**MATERIAL FOR THIS TASK**
____

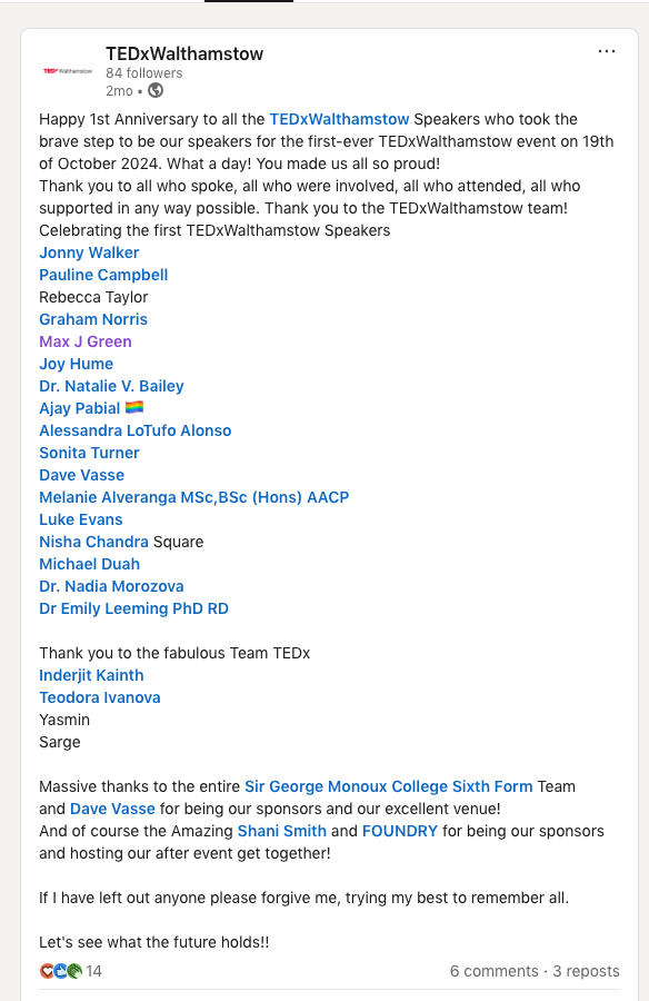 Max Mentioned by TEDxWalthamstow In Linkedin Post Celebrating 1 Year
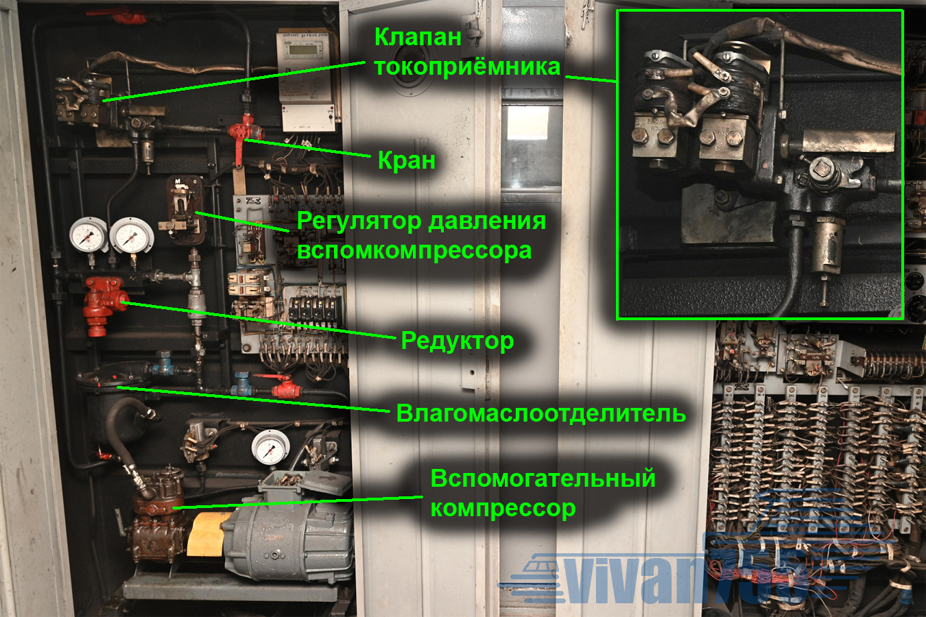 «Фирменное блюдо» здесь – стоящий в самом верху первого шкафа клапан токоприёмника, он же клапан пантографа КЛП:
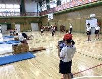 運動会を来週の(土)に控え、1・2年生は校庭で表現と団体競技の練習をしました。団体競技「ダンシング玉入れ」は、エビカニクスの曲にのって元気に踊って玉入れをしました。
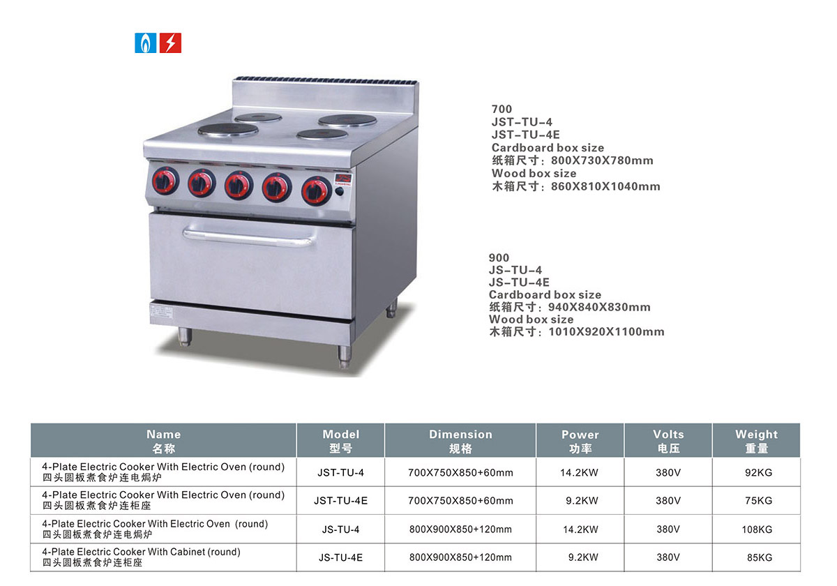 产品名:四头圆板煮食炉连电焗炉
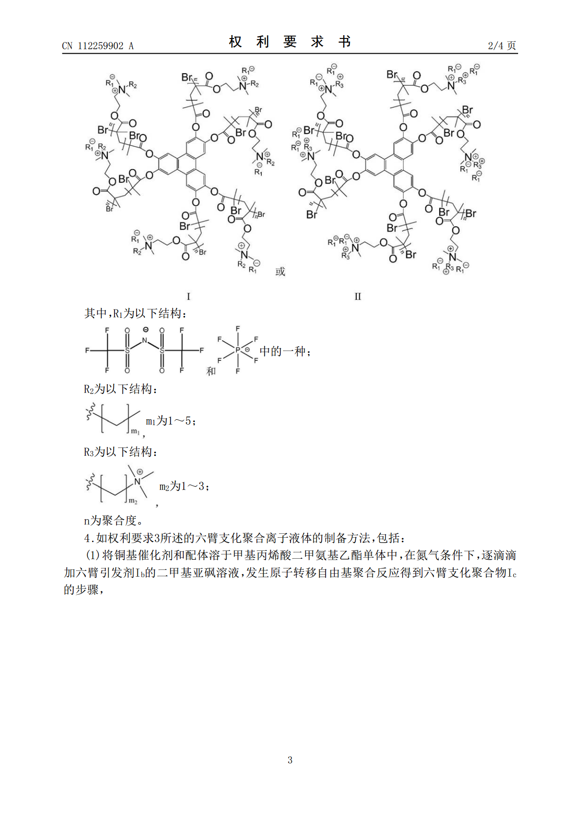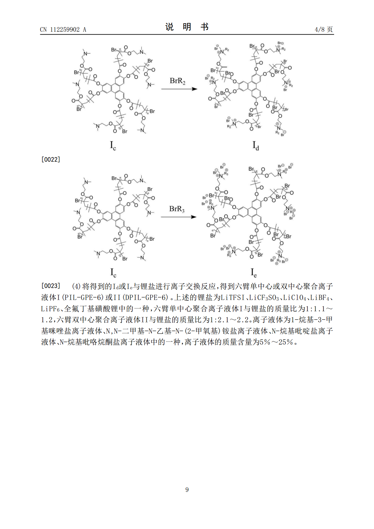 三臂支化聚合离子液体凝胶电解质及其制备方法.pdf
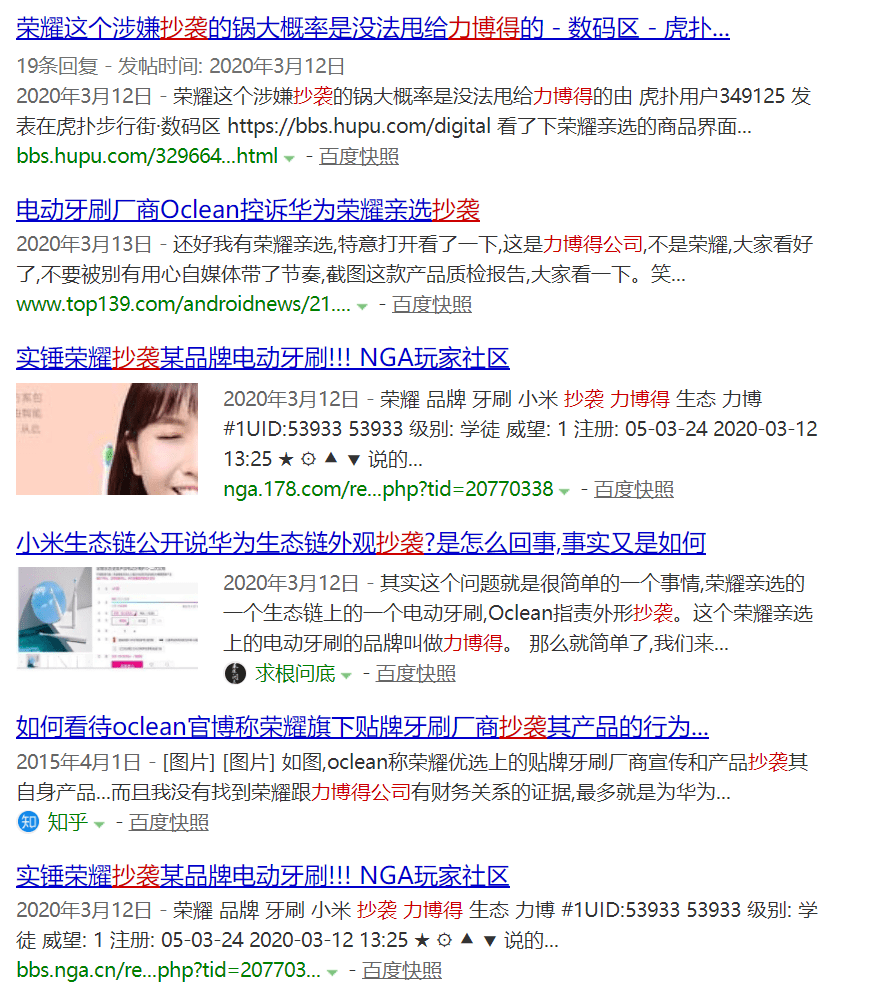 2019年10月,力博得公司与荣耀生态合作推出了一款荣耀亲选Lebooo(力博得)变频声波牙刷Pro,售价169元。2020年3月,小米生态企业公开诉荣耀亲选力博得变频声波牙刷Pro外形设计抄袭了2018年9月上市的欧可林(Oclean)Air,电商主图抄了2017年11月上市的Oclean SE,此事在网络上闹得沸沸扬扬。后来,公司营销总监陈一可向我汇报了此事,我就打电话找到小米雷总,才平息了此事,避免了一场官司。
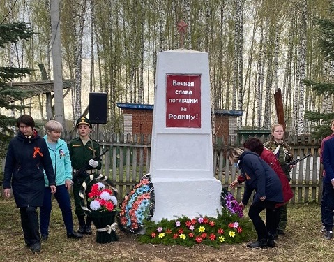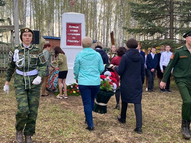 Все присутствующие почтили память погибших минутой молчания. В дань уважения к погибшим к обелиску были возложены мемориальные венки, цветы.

____

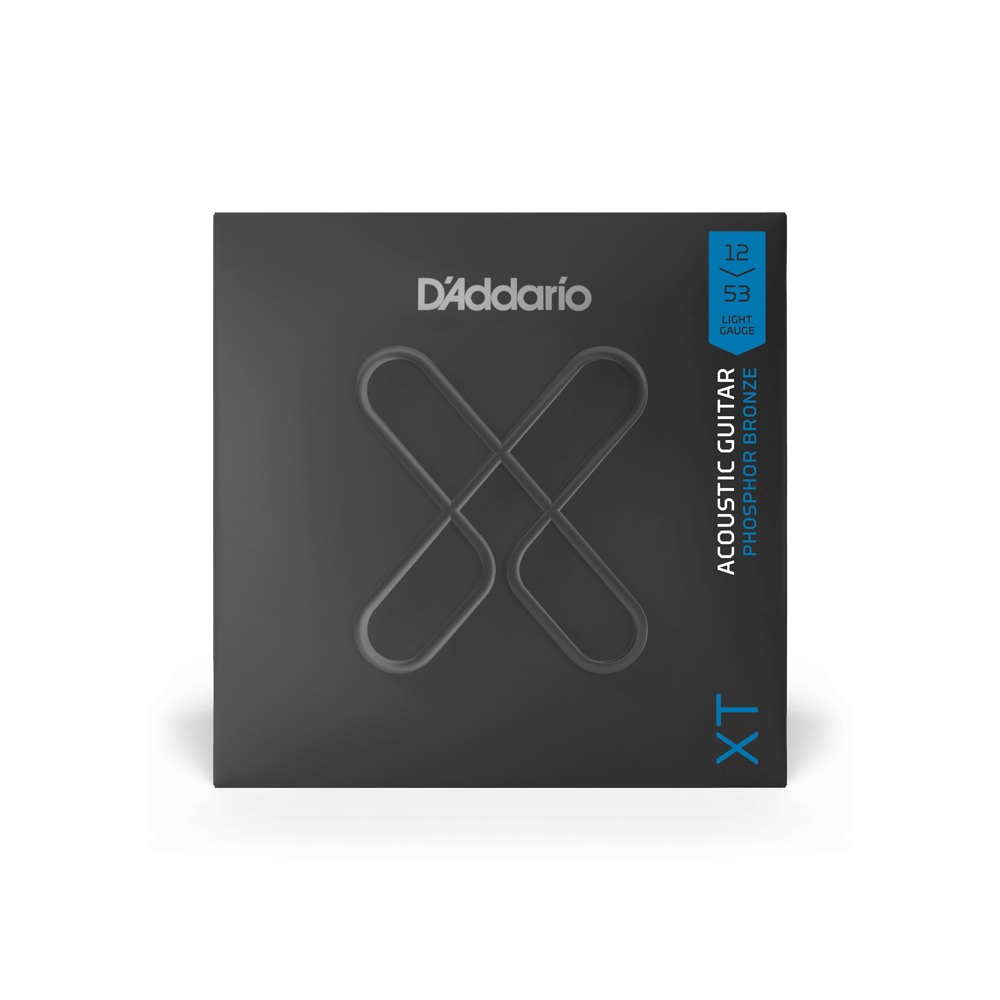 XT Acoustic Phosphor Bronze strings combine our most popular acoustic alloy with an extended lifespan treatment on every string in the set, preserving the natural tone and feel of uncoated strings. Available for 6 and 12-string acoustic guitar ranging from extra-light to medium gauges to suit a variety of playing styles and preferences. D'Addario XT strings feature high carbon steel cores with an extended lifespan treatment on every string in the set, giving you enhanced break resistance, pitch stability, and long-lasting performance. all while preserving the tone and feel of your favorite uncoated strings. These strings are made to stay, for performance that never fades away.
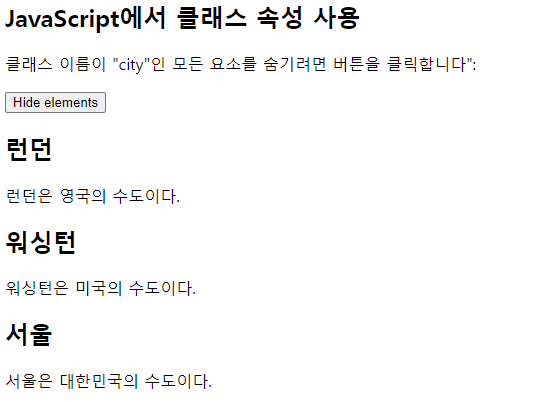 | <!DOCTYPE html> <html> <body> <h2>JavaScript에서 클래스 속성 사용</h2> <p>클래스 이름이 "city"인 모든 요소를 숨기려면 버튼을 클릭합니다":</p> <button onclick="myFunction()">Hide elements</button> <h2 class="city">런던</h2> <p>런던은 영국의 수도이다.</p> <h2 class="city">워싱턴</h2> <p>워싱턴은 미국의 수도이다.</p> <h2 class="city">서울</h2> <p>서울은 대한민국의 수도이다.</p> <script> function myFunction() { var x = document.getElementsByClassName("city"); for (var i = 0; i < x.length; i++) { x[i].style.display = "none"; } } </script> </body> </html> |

____

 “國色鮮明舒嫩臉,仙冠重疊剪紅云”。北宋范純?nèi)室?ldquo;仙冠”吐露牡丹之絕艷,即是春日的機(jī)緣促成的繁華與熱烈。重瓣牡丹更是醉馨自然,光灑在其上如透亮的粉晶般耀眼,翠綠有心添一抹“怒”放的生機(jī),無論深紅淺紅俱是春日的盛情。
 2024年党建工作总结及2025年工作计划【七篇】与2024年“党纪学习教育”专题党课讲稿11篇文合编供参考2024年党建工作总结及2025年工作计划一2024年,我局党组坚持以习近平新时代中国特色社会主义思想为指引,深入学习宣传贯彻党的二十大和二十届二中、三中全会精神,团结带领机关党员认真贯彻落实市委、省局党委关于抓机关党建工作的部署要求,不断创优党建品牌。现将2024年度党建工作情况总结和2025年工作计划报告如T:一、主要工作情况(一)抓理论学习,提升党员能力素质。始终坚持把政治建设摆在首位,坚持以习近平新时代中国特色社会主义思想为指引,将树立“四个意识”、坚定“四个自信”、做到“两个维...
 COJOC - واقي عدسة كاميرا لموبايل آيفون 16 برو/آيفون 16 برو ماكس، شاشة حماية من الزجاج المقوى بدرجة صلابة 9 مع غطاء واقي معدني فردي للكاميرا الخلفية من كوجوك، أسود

____

**TASK TO CARRY OUT**
Within these entries, output exactly the lines starting at the one with "Max Mentioned by" and finishing at the one with "三臂支化聚合离子液体凝胶电解质及其制备方法.pdf". Leave pictures out of the output.

**RESULT**
 Max Mentioned by TEDxWalthamstow In Linkedin Post Celebrating 1 Year
 «Фирменное блюдо» здесь – стоящий в самом верху первого шкафа клапан токоприёмника, он же клапан пантографа КЛП:
 運動会を来週の(土)に控え、1・2年生は校庭で表現と団体競技の練習をしました。団体競技「ダンシング玉入れ」は、エビカニクスの曲にのって元気に踊って玉入れをしました。
 产品名:四头圆板煮食炉连电焗炉
 三臂支化聚合离子液体凝胶电解质及其制备方法.pdf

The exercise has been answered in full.